Perhaps it was the fact that a bona fide Hollywood star was interested in her, albeit one a little past his heyday, or maybe because she appeared to be getting on equally well with Jermaine that around this time there were the first indications that some ugly jealousy was beginning to stir. Danielle’s suggestion that Shilpa and Dirk get married live on air in Big Brother was greeted with hysterics by Shilpa, after which the other women present began to take an altogether bitchier look at the most glamorous woman in their midst. There was some speculation as to what Shilpa earned from her films, as well as the true nature of her star status. Shilpa had apparently compared herself to Angelina Jolie – not, perhaps, the best way of endearing herself to her fellow housemates – a claim the others were only too happy to dispute. Even so, there was still no hint as to quite how nasty matters were to become.

The following day, the atmosphere began to worsen. A mini-row broke out between Jackiey and Shilpa, over ordering a bottle of lemon juice from the food store. Shilpa, said Jackiey, was too controlling. At this point, Jade and Danielle joined in, deciding Shilpa was too bossy. Shilpa looked utterly bewildered by the venom but contented herself with saying that, in India, this conversation would not have taken place. With commendable self-control, she managed not to retaliate, saying she would not shame her parents by indulging in such abuse herself.

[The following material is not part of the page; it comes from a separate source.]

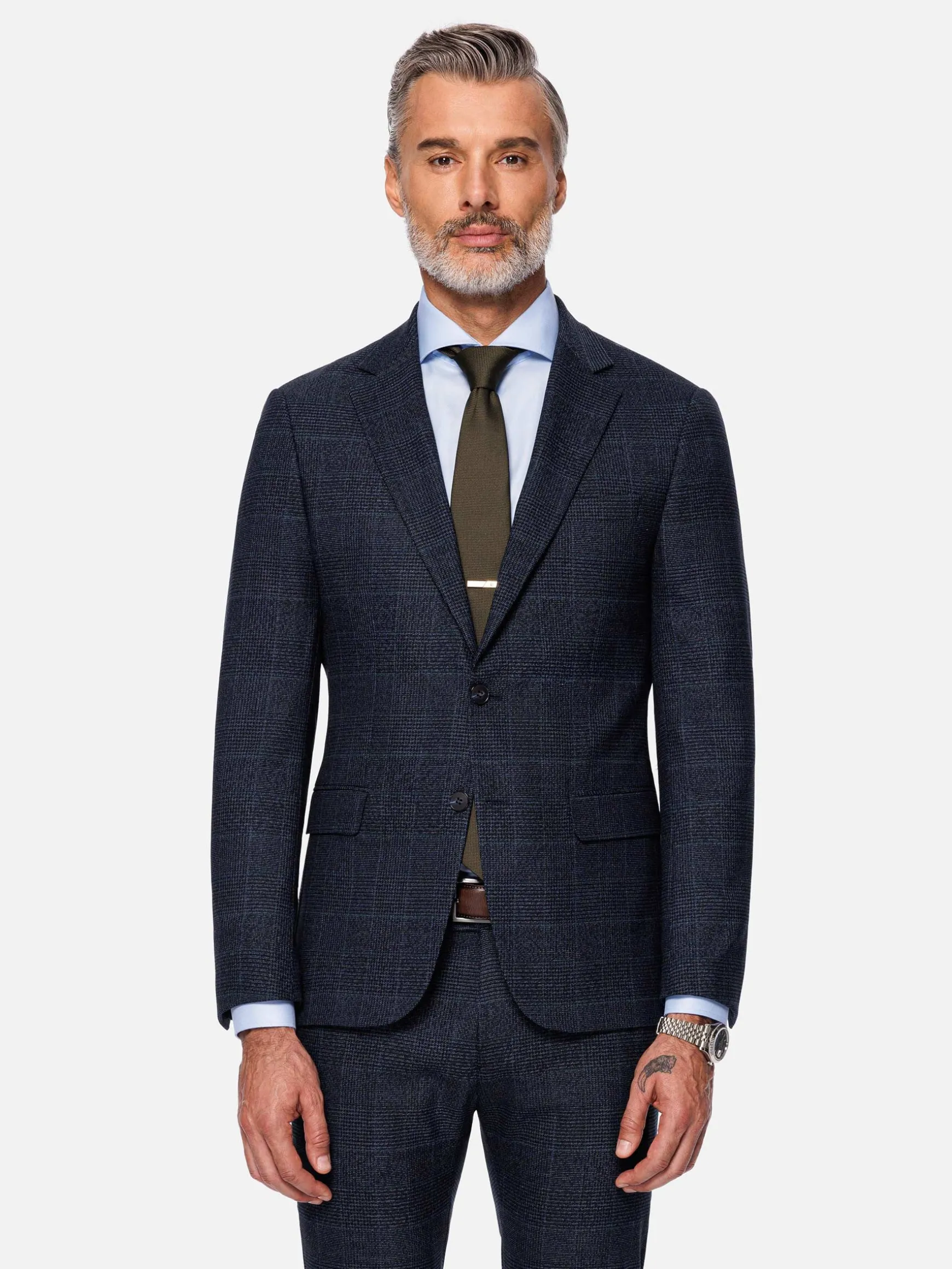 Amalfi Glen Check Wide Lapel Navy Suit Blazer is een tijdloos stuk dat klassieke elegantie combineert met modern raffinement. Het is gemaakt van een eersteklas mix van polyester, viscose en elastaan en biedt duurzaamheid, comfort en krasvastheid. Het heeft een brede revers, een moderne pasvorm en een eenborstig ontwerp met twee knopen. De blazer heeft ook een borstzak en klepzakken, waardoor het een veelzijdige keuze is voor verschillende gelegenheden.

Some days later, after Jackiey’s departure, Shilpa’s mother Sunanda commented on how well her daughter had behaved. ‘Her [Jade’s] mother and I could not be farther apart,’ she said. ‘I found her to be very obnoxious. And when Jackiey was rude to Shilpa, she maintained her dignity because, over here, you don’t mistreat your elders.’

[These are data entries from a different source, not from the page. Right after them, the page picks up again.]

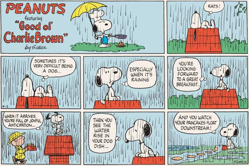 Snoopy contempla las dificultades de ser un perro cuando llueve sobre él. Una de las mayores dificultades ocurre cuando Snoopy ha estado esperando con entusiasmo su desayuno, encantado cuando su comida finalmente se le sirve. Sin embargo, la alegría se convierte en decepción y horror cuando ve Agua llenando su tazón de cena y los panqueques que ha estado esperando flotar en el agua que se avecina río abajo. Por mucho que a Snoopy le encanta comer Miseriaes increíblemente molesto para él cada vez que algo le sucede a su comida.
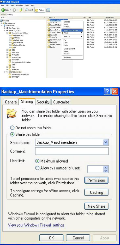 Mit Diesen Ordner freigeben (Share this folder) wird
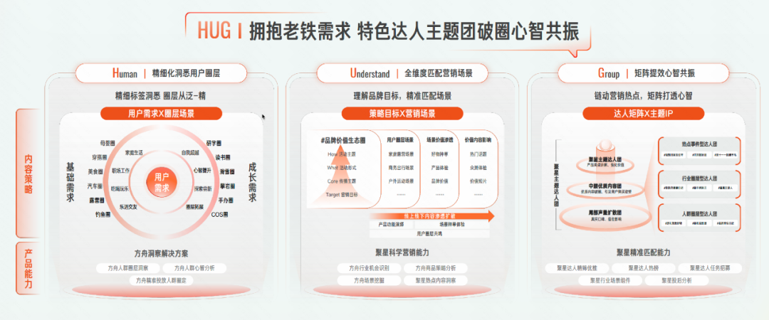 “精准”,则是快手从产品技术层面去帮品牌去精准找达人,以“HUG策略”前期精准洞察用户圈层(Human),全维度找寻和匹配达人(Understand),并最终组成达人矩阵(Group)做立体化种草。

Ouch! Could anything have been calculated to dig deeper at the hapless Jackiey? Not only had she been rude and insulting to a visitor to her country but one who was a lot younger than her too.

By this point, the only other woman present who seemed to be sticking up for Shilpa was Carole, advising her to stay out of Jackiey’s way. This might have been the first moment at which Shilpa herself began to have qualms about what was going on: ‘I don’t know what I am doing here,’ she admitted. ‘It is not really my scene … I do like most of the people here.’

Alas, it was not a sentiment reciprocated in all quarters. Though the men still seemed pretty enamoured of her, the women were beginning to show a very unpleasant tendency to gang up.